Question

At a certain auto parts manufacturer, the Quality Control division has determined that one of the machines produces defective parts 19% of the time. A random sample of 7 parts produced by this machine is chosen. Find the probability that fewer than 2 of these parts are defective. Do not round your intermediate computations, and round your answer to three decimal places

Answer 1

Probability that fewer than 2 of these parts are defective is 0.604.

Explanation:

We are given that at a certain auto parts manufacturer, the Quality Control division has determined that one of the machines produces defective parts 19% of the time.

A random sample of 7 parts produced by this machine is chosen.

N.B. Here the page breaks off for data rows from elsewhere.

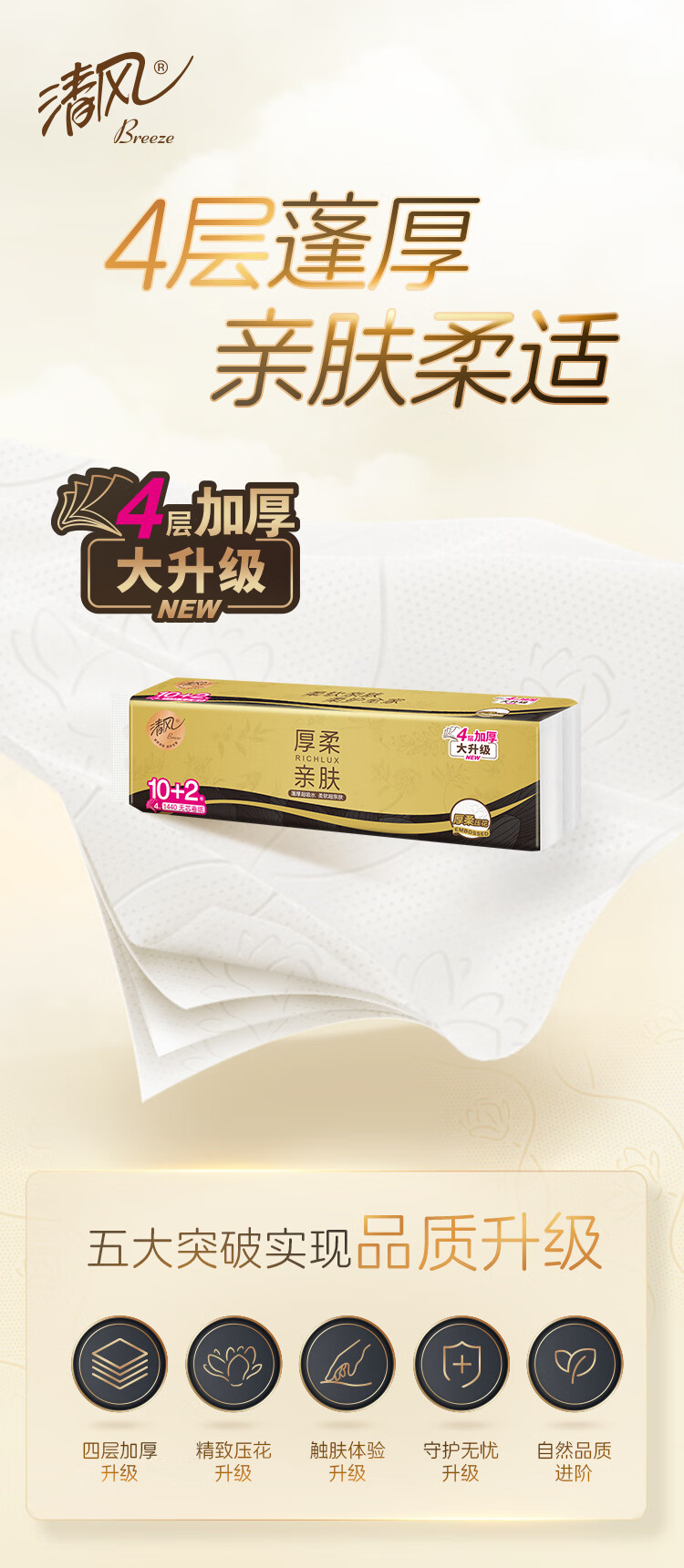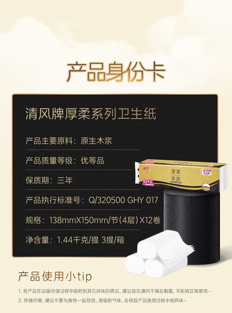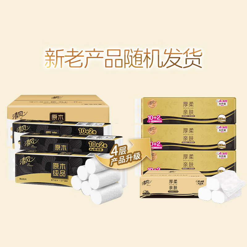 清风【李昀锐同款】无芯卷纸 黑金厚韧4层加厚120克*36卷 卫生纸整箱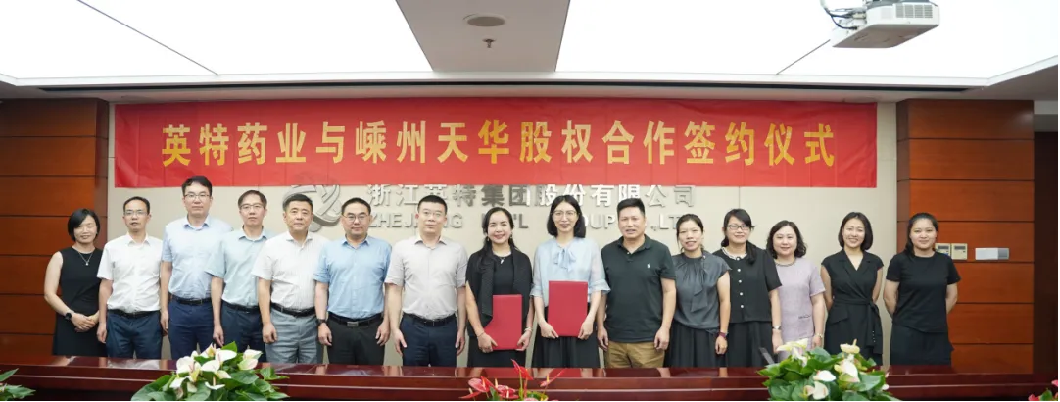 7月2日,英特藥業與嵊州市天華大藥房醫藥有限公司股權合作簽約儀式隆重舉行。省國貿集團黨委委員、副總經理,英特集團黨委書記、董事長應徐頡,英特集團總經理、英特藥業董事長汪洋,嵊州天華創始人呂健書、董事長章魯野及雙方相關負責人出席本次簽約儀式,并共同簽署《股權轉讓協議》。
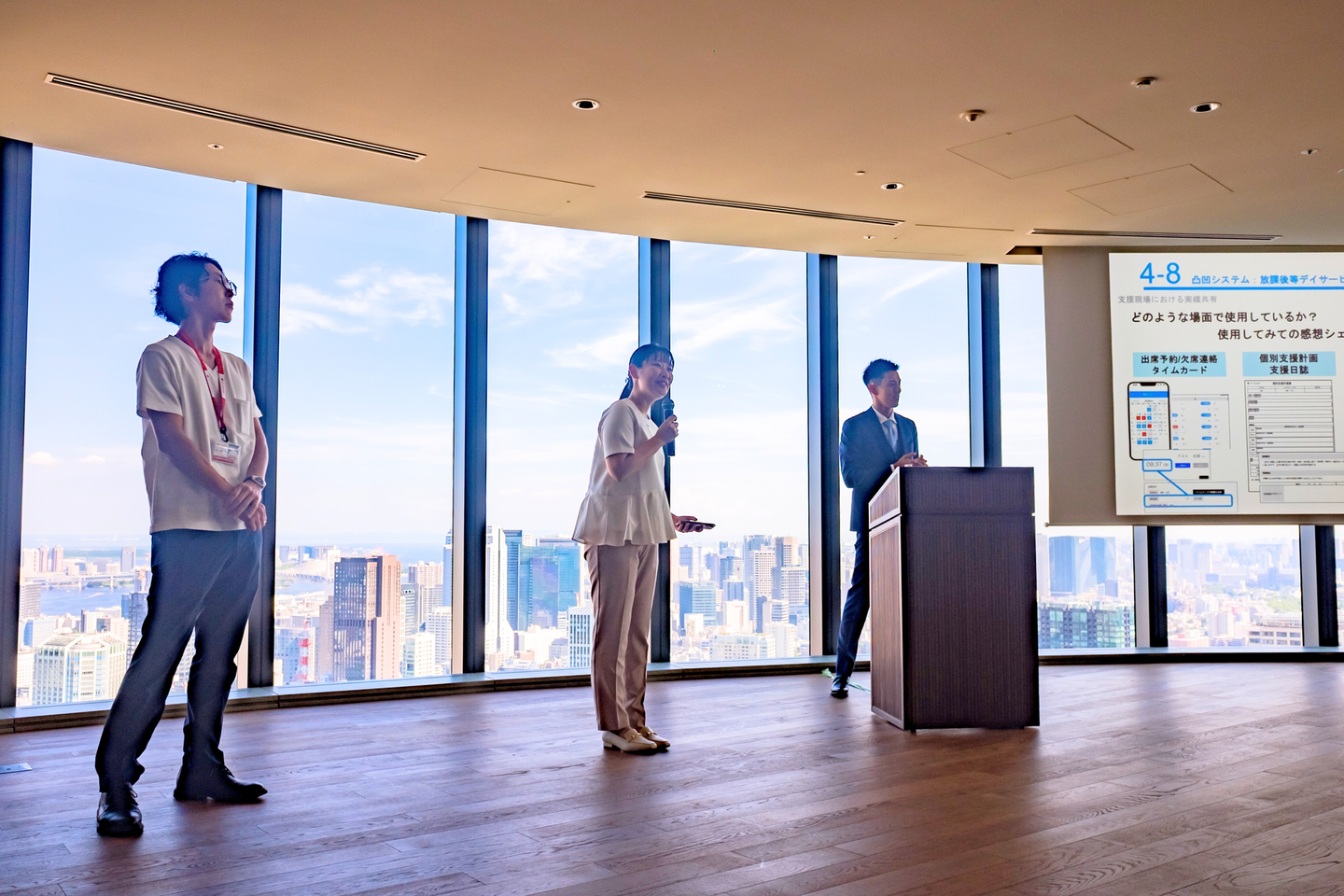 #左:澁谷さん・中央:諸永さん・右:松井さん(社長)の登壇シーン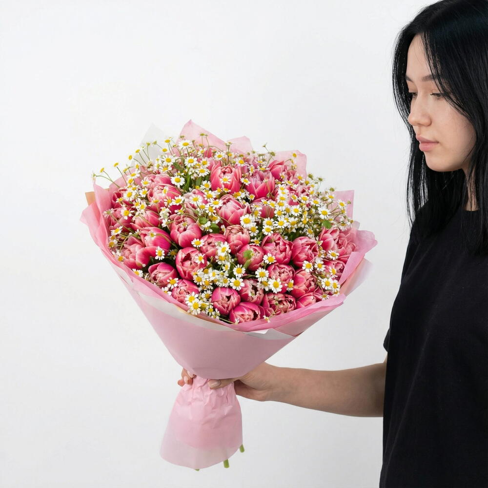 Skład bukietu: peoniowe tulipany, rumianek, papier dekoracyjny W zestawie: odżywka do kwiatów, bilecik z Twoimi życzeniami, bilecik jak dbać o kwiaty Na zdjęciu prezentowany jest bukiet z 35 tulipanów.
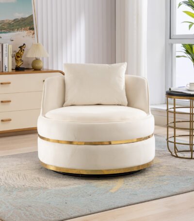 Velvet Barrel Accent Chair with 360-Degree Swivel – Beige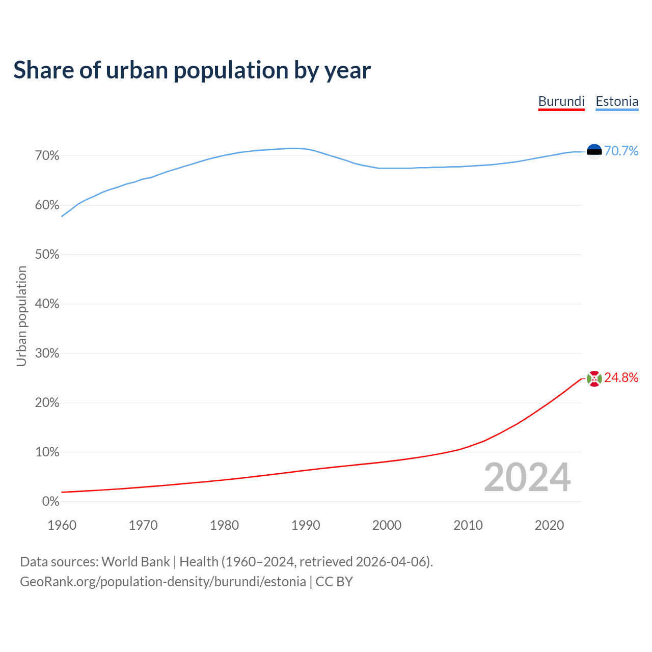 From 2004 to 2024, the share of urban population changed from 8.92% to 24.8% in Burundi and from 67.5% to 70.7% in Estonia.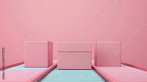 Pink Geometric Conveyor Belt with Cargo Boxes in Minimal Logistics Style 3D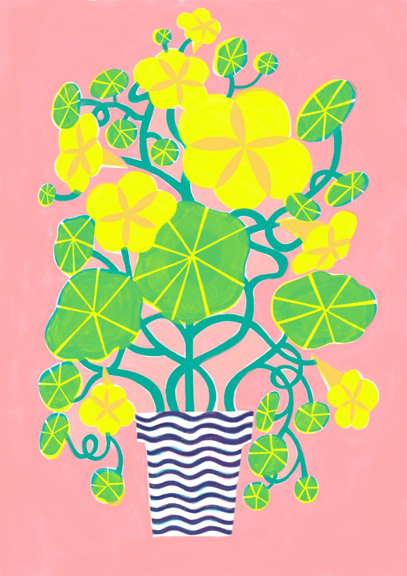 “I’m a keen gardener and have found growing to be very therapeutic. When I had an allotment at Ashley Vale, I mistakenly planted a few nasturtiums, which spread like wildfire! They are resilient, colourful and hardy, which are qualities that I thought I’d like to celebrate through this print.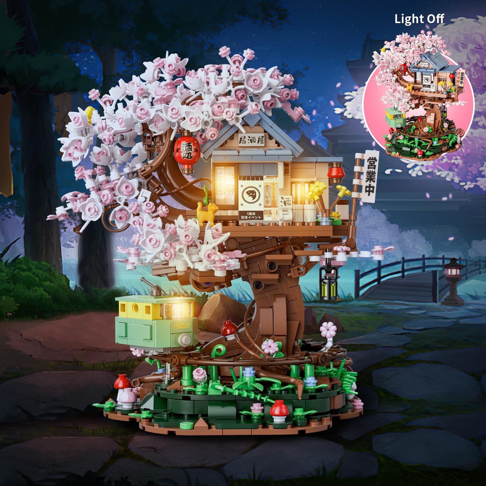 - 【Cherry Blossom Flowers Tree House Kit】This treehouse architecture building toy is inspired by real japanese izakaya shop, features a izakaya shop and cherry blossom sakura tree, perfect for kids boys girls aged 8 9 10 and above to create. The irregular base adds authenticity, mimicking the ground beneath a real treehouse. Also,you will discover a variety of details, cute grazing rabbits, plants and trees, cable car, sakura flower tree and a japan izakaya store and more.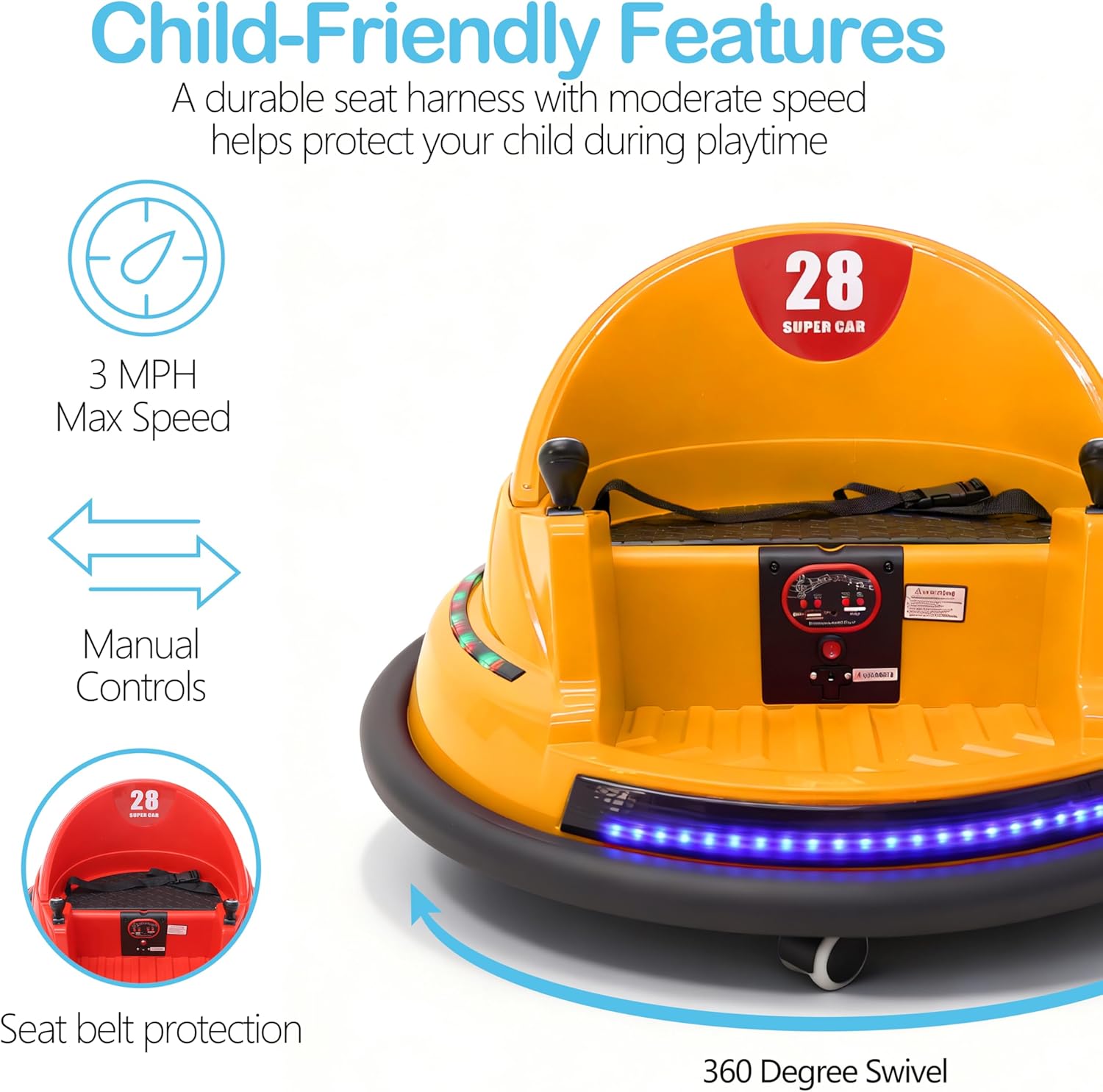 Crafted with a soft foam bumper and durable safety harness, this car keeps your child secure while bumping, spinning, and laughing their way through playtime. The child-friendly speed limit (3 MPH) ensures a safe yet thrilling ride, while the comfortable seat with belt protection keeps your little one steady during motion. Compact, stylish, and fun the Alivio bumper car is perfect for indoor and outdoor play, offering the ultimate ride-on experience for kids.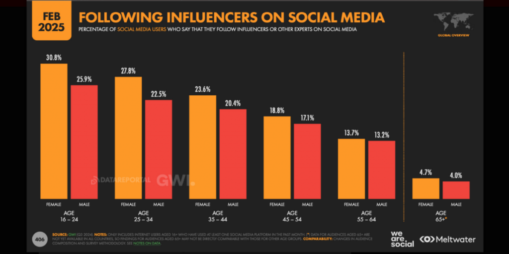 Trong đó, Instagram đứng đầu danh sách với 62,3% người dùng trưởng thành tìm kiếm thông tin về thương hiệu trên nền tảng này. Ngay sau là Facebook với 52,5% và TikTok đứng thứ ba với 51,5%. Ngoài ra, 22% người dùng mạng xã hội chủ động theo dõi influencer hoặc chuyên gia trên các nền tảng, con số này tăng lên 30,8% đối với nhóm nữ giới từ 16-24 tuổi.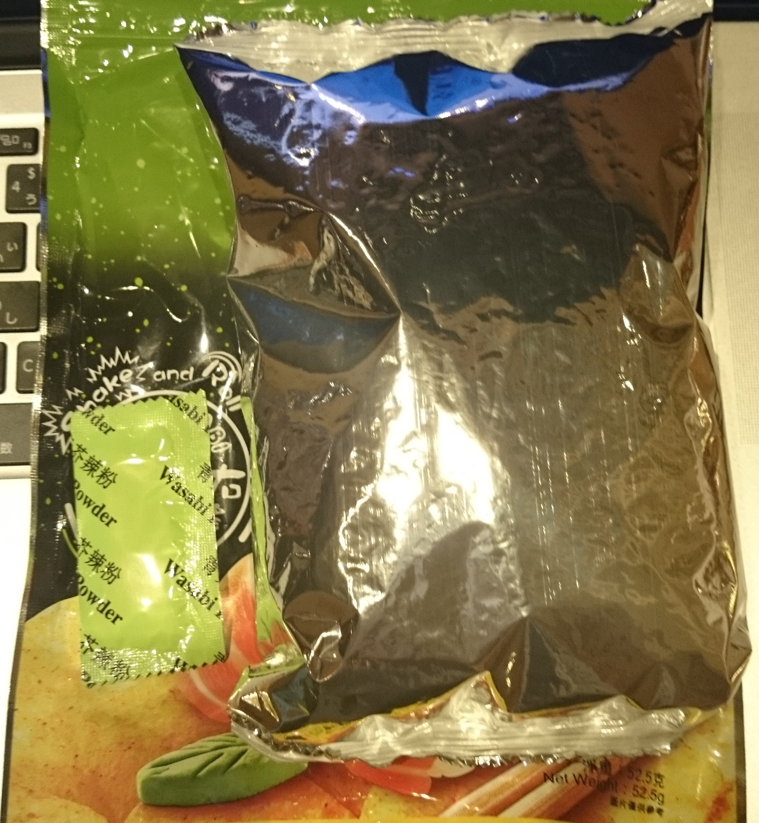 Without wasabi powder, it tastes like an Ebisen. But aftertaste was like Salmon. I couldn’t feel “Sushi” flavour. (Also I don’t know what sushi flavour like…)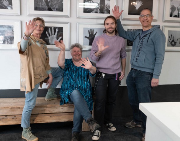 De lange witte wand in de fotowinkel van Rudie Wiersma Fotografie is veranderd in een muur vol vrolijk zwaaiende handen. Fotogroep InFocus exposeert namelijk opnieuw op deze plek,helaas wel voor de laatste maal.

The above situation can be represented through Binomial distribution;

`P(X=r) = \binom{n}{r}p^(r) (1-p)^(n-r) ; x = 0,1,2,3,.....`

where, n = number of trials (samples) taken = 7 parts

r = number of success = fewer than 2

p = probability of success which in our question is % of defective

parts produced by one of the machine, i.e; 19%

LET X = Number of parts that are defective

So, it means X ~ Binom(n = 7, p = 0.19)

Now, probability that fewer than 2 of these parts are defective is given by = P(X < 2)

P(X < 2) = P(X = 0) + P(X = 1)

=
`\binom{7}{0}* 0.19^(0) * (1-0.19)^(7-0)+ \binom{7}{1}* 0.19^(1) * (1-0.19)^(7-1)`

=
`1 * 1 * 0.81^(7) +7 * 01.9^(1) * 0.81^(6)`

= 0.604

Therefore, the probability that fewer than 2 of these parts are defective is 0.604.